Dès le début, il obtient le soutien du Ministère de la Culture et de la Ville de Paris. Il sollicite alors plus de 400 chefs d’entreprise. Une cinquantaine lui répondent. Ils lui resteront fidèles. Huit ans plus tard, reconnue d’utilité publique, la Fondation qui porte désormais son nom quitte la Fondation de France, gagne son autonomie et coproduit déjà son trentième spectacle. Peu à peu, il noue des liens privilégiés avec certains théâtres (Comédie des Champs-Élysées, Palais Royal, Hébertot, Atelier, Bouffes Parisiens …) et se rapproche d’une famille d’auteurs (Loleh Bellon, Yasmina Reza, Jean-Claude Brisville, Jean-Marie Besset …), et de metteurs en scène (Jean-Pierre Miquel, Patrice Kerbrat, Régis Santon …)
Parallèlement, Jacques Toja organise "Les Rencontres du Palais Royal", met en scène "Mozart" de Sacha Guitry au théâtre de Tours (1985) et remonte sur les planches dans "Maison de Poupée" de Ibsen au Théâtre Boulogne-Billancourt (1986), "Le saut du lit" au Théâtre des Variétés (1988) puis deux ans plus tard aux côtés de Ludmilla Michael et Robin Renucci, dans "L’officier de la garde" de Molnar à la Comédie des Champs-Élysées. Son ultime rôle.
Dès lors, il se bat contre le cancer qui l’emportera six ans plus tard, le 23 mars 1996 à l'âge de 66 ans. "Il sut avec courage et dignité cacher ses souffrances. Il est parti avec le sourire léger de ceux qui font croire aux autres que la vie n’est qu’un passage joyeux et insouciant et que le plaisir de donner et de feindre le bonheur est le meilleur masque de la comédie" écrit son fidèle ami, Jean-Claude Brialy.

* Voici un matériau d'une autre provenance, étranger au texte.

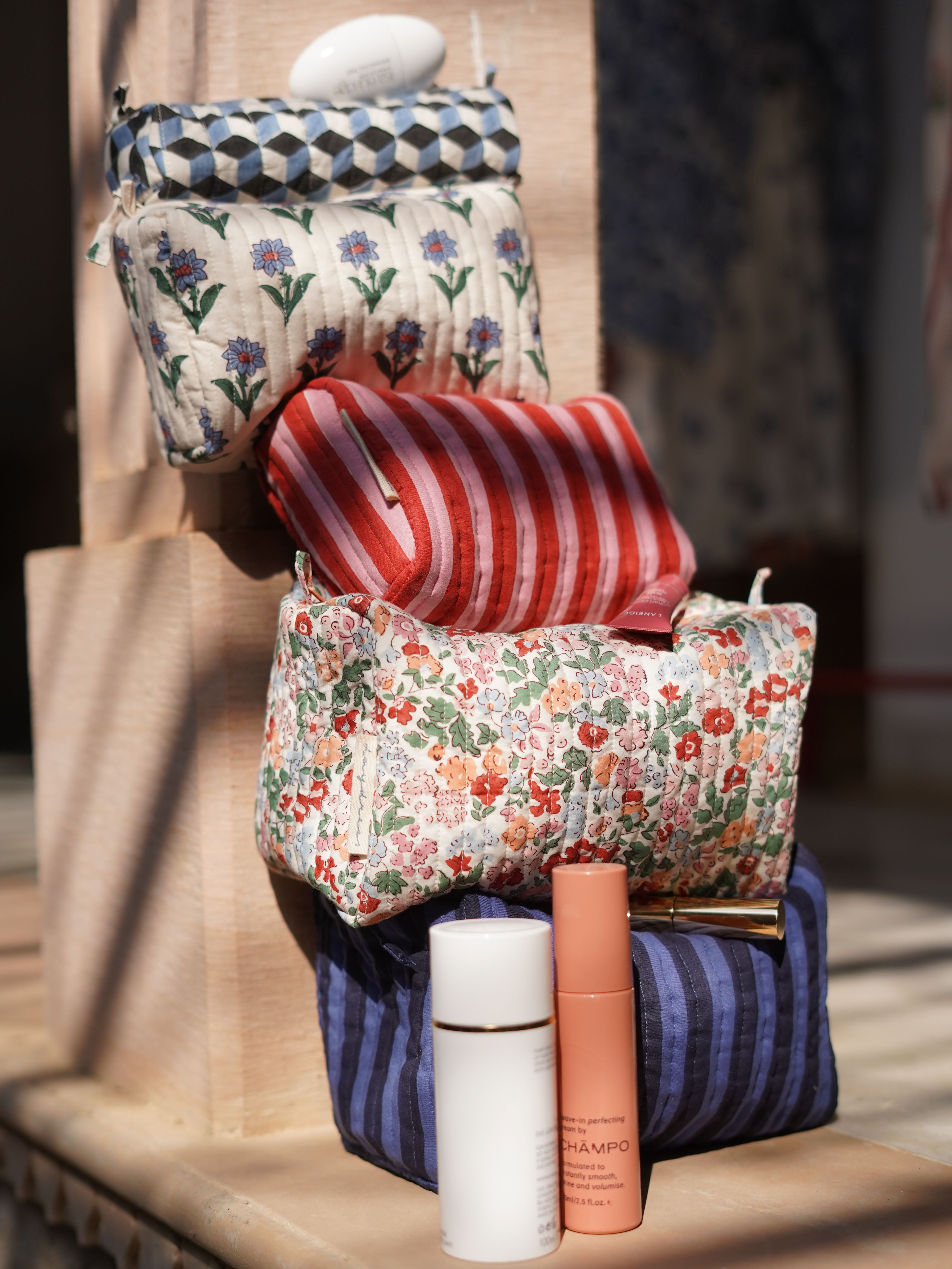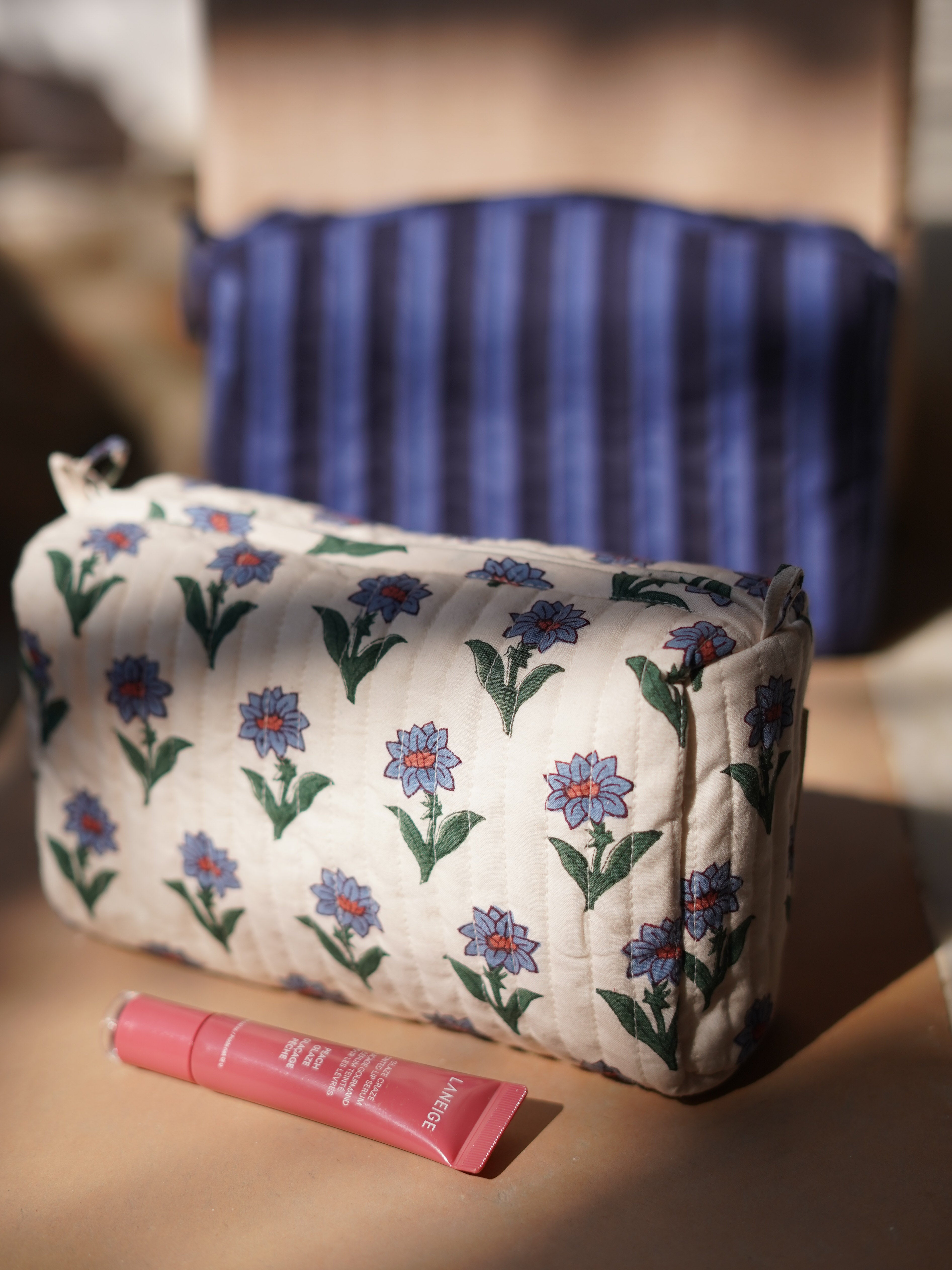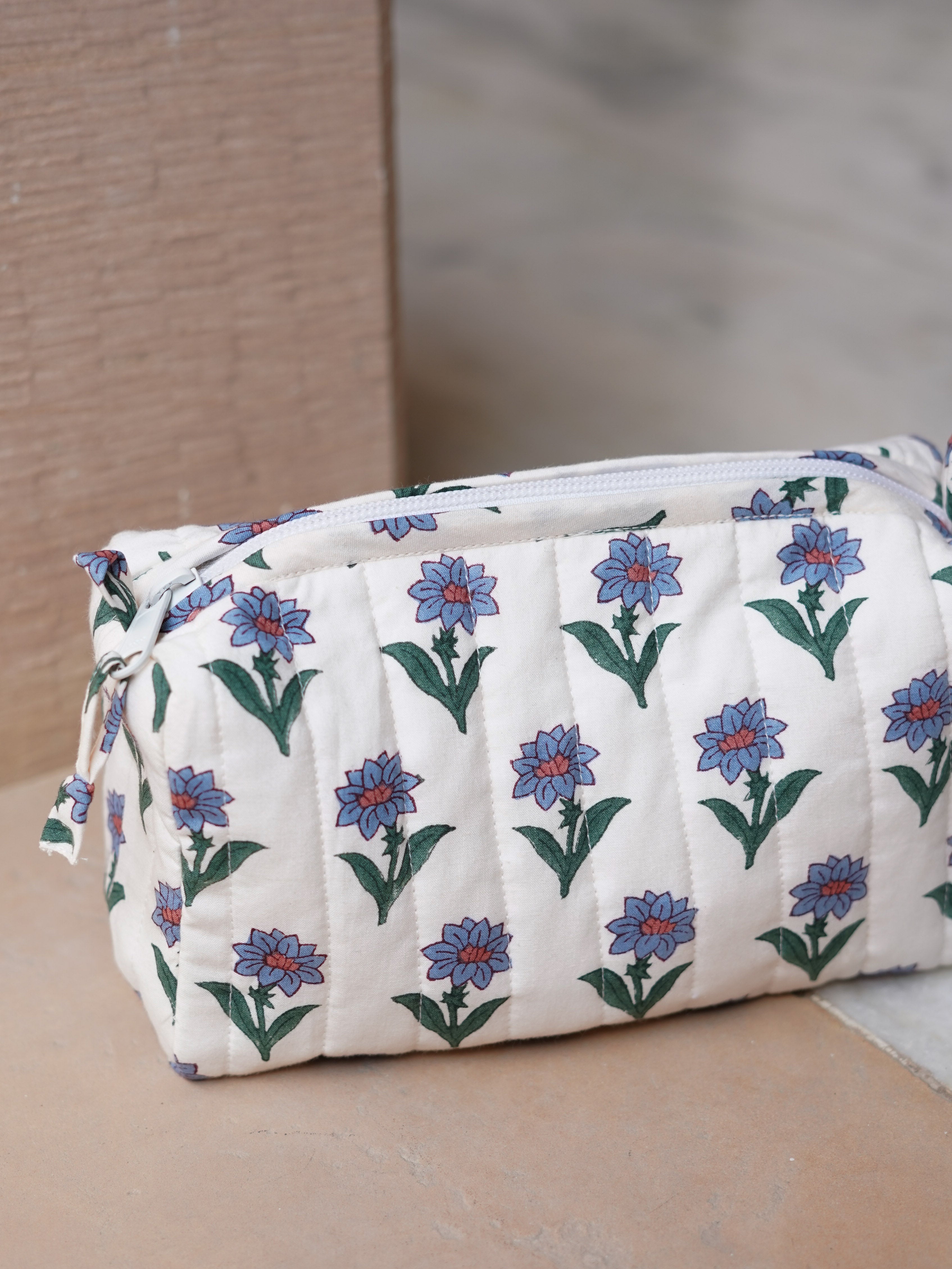 Our block-printed quilted cotton washbags will bring a welcome dose of pattern and colour to your bathroom at home and while travelling.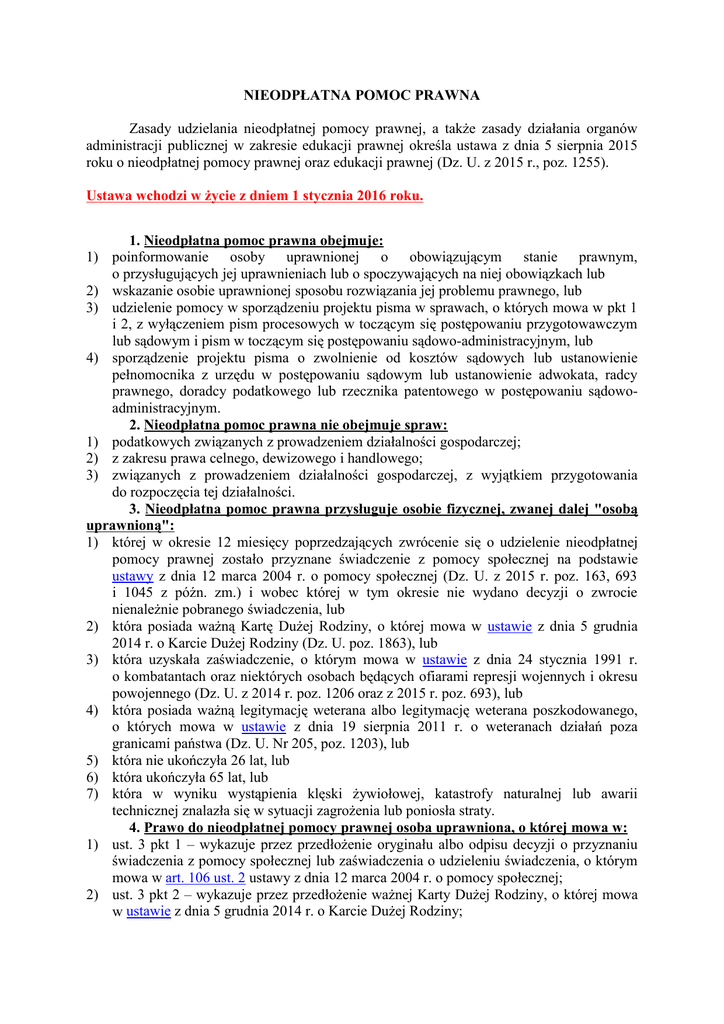NIEODPŁATNA POMOC PRAWNA Zasady udzielania nieodpłatnej pomocy prawnej, a także zasady działania organów administracji publicznej w zakresie edukacji prawnej określa ustawa z dnia 5 sierpnia 2015 roku o nieodpłatnej pomocy prawnej oraz edukacji prawnej (Dz. U. z 2015 r., poz. 1255). Ustawa wchodzi w życie z dniem 1 stycznia 2016 roku. 1. Nieodpłatna pomoc prawna obejmuje: 1) poinformowanie osoby uprawnionej o obowiązującym stanie prawnym, o przysługujących jej uprawnieniach lub o spoczywających na niej obowiązkach lub 2) wskazanie osobie uprawnionej sposobu rozwiązania jej problemu prawnego, lub 3) udzielenie pomocy w sporządzeniu projektu pisma w sprawach, o których mowa w pkt 1 i 2, z wyłączeniem pism procesowych w toczącym się postępowaniu przygotowawczym lub sądowym i pism w toczącym się postępowaniu sądowo-administracyjnym, lub 4) sporządzenie projektu pisma o zwolnienie od kosztów sądowych lub ustanowienie pełnomocnika z urzędu w postępowaniu sądowym lub ustanowienie adwokata, radcy prawnego, doradcy podatkowego lub rzecznika patentowego w postępowaniu sądowoadministracyjnym. 2. Nieodpłatna pomoc prawna nie obejmuje spraw: 1) podatkowych związanych z prowadzeniem działalności gospodarczej; 2) z zakresu prawa celnego, dewizowego i handlowego; 3) związanych z prowadzeniem działalności gospodarczej, z wyjątkiem przygotowania do rozpoczęcia tej działalności. 3. Nieodpłatna pomoc prawna przysługuje osobie fizycznej, zwanej dalej "osobą uprawnioną": 1) której w okresie 12 miesięcy poprzedzających zwrócenie się o udzielenie nieodpłatnej pomocy prawnej zostało przyznane świadczenie z pomocy społecznej na podstawie ustawy z dnia 12 marca 2004 r. o pomocy społecznej (Dz. U. z 2015 r. poz. 163, 693 i 1045 z późn. zm.) i wobec której w tym okresie nie wydano decyzji o zwrocie nienależnie pobranego świadczenia, lub 2) która posiada ważną Kartę Dużej Rodziny, o której mowa w ustawie z dnia 5 grudnia 2014 r. o Karcie Dużej Rodziny (Dz. U. poz. 1863), lub 3) która uzyskała zaświadczenie, o którym mowa w ustawie z dnia 24 stycznia 1991 r. o kombatantach oraz niektórych osobach będących ofiarami represji wojennych i okresu powojennego (Dz. U. z 2014 r. poz. 1206 oraz z 2015 r. poz. 693), lub 4) która posiada ważną legitymację weterana albo legitymację weterana poszkodowanego, o których mowa w ustawie z dnia 19 sierpnia 2011 r. o weteranach działań poza granicami państwa (Dz. U. Nr 205, poz. 1203), lub 5) która nie ukończyła 26 lat, lub 6) która ukończyła 65 lat, lub 7) która w wyniku wystąpienia klęski żywiołowej, katastrofy naturalnej lub awarii technicznej znalazła się w sytuacji zagrożenia lub poniosła straty. 4. Prawo do nieodpłatnej pomocy prawnej osoba uprawniona, o której mowa w: 1) ust. 3 pkt 1 – wykazuje przez przedłożenie oryginału albo odpisu decyzji o przyznaniu świadczenia z pomocy społecznej lub zaświadczenia o udzieleniu świadczenia, o którym mowa w art. 106 ust. 2 ustawy z dnia 12 marca 2004 r. o pomocy społecznej; 2) ust. 3 pkt 2 – wykazuje przez przedłożenie ważnej Karty Dużej Rodziny, o której mowa w ustawie z dnia 5 grudnia 2014 r. o Karcie Dużej Rodziny; 3) ust. 3 pkt 3 – wykazuje przez przedłożenie zaświadczenia, o którym mowa w ustawie z dnia 24 stycznia 1991 r. o kombatantach oraz niektórych osobach będących ofiarami represji wojennych i okresu powojennego; 4) ust. 3 pkt 4 – wykazuje przez przedłożenie ważnej legitymacji weterana albo legitymacji weterana poszkodowanego, o których mowa w ustawie z dnia 19 sierpnia 2011 r. o weteranach działań poza granicami państwa; 5) ust. 3 pkt 5 i 6 – wykazuje przez przedłożenie dokumentu stwierdzającego tożsamość; 6) ust. 3 pkt 7 – wykazuje przez złożenie oświadczenia, że zachodzi co najmniej jedna z okoliczności wymienionych w tym przepisie. 5. Informacja o lokalizacji punktów nieodpłatnej pomocy prawnej wraz z harmonogramem wskazującym dni i godziny, w których jest udzielana nieodpłatna pomoc prawna: GMINA BARCZEWO PUNKT NIEODPŁATNEJ POMOCY PRAWNEJ W BARCZEWIE Urząd Miejski w Barczewie, Plac Ratuszowy 1, pokój Nr 24 Nieodpłatna pomoc prawna jest udzielana przez organizację pozarządową: Fundacja „Inicjatywa Kobiet Aktywnych”, z siedzibą: 10-687 Olsztyn, ul. Hanowskiego 9/42. Pomoc jest świadczona przez adwokata i radcę prawnego. Poniedziałek Wtorek Środa Czwartek Piątek godz. 9.00–13.00 godz. 11.00–15.00 godz. 9.00–13.00 godz. 11.00–15.00 godz. 9.00–13.00 GMINA OLSZTYNEK PUNKT NIEODPŁATNEJ POMOCY PRAWNEJ W OLSZTYNKU Urząd Miejski w Olsztynku, ul. Ratusz 1, pokój Nr 7a Nieodpłatna pomoc prawna jest udzielana przez organizację pozarządową: Stowarzyszenie Inicjatyw Obywatelskich „Wizja Lokalna”, z siedzibą: 10-089 Olsztyn, ul. Rymkiewicza 4. Pomoc jest świadczona przez adwokata oraz osobę, o której mowa w art. 11 ust. 3 pkt 2 ustawy o nieodpłatnej pomocy prawnej oraz edukacji prawnej Poniedziałek Wtorek Środa godz. 8.30–12.30 godz. 12.30–16.30 godz. 12.30–16.30 Czwartek Piątek godz. 12.30–16.30 godz. 12.30–16.30 GMINA STAWIGUDA PUNKT NIEODPŁATNEJ POMOCY PRAWNEJ W STAWIGUDZIE Gminny Ośrodek Pomocy Społecznej, ul. Olsztyńska 10, pokój Nr 1 Nieodpłatna pomoc prawna jest udzielana przez organizację pozarządową: Stowarzyszenie Inicjatyw Obywatelskich „Wizja Lokalna”, z siedzibą: 10-089 Olsztyn, ul. Rymkiewicza 4. Pomoc jest świadczona przez adwokata oraz osobę, o której mowa w art. 11 ust. 3 pkt 2 ustawy o nieodpłatnej pomocy prawnej oraz edukacji prawnej Poniedziałek Wtorek Środa Czwartek Piątek godz. 13.00–17.00 godz. 8.00–12.00 godz. 8.00–12.00 godz. 8.00–12.00 godz. 8.00–12.00 GMINA BISKUPIEC PUNKT NIEODPŁATNEJ POMOCY PRAWNEJ W BISKUPCU SORBOMA Dom Pracy Twórczej, ul. Wawelska 2, pokój Nr 1 Nieodpłatna pomoc prawna jest udzielana przez adwokatów oraz radców prawnych. Poniedziałek Wtorek

Promu Officier de la Légion d’Honneur en 1991, il avait conclut son discours ainsi : "Il ne me reste maintenant qu’à poursuivre ce qui a été entrepris, maintenir vivant le répertoire, l’enrichir si possible, et parallèlement augmenter la dotation de la Fondation afin qu’elle puisse, un jour, vivre par elle-même et, si possible, me survivre."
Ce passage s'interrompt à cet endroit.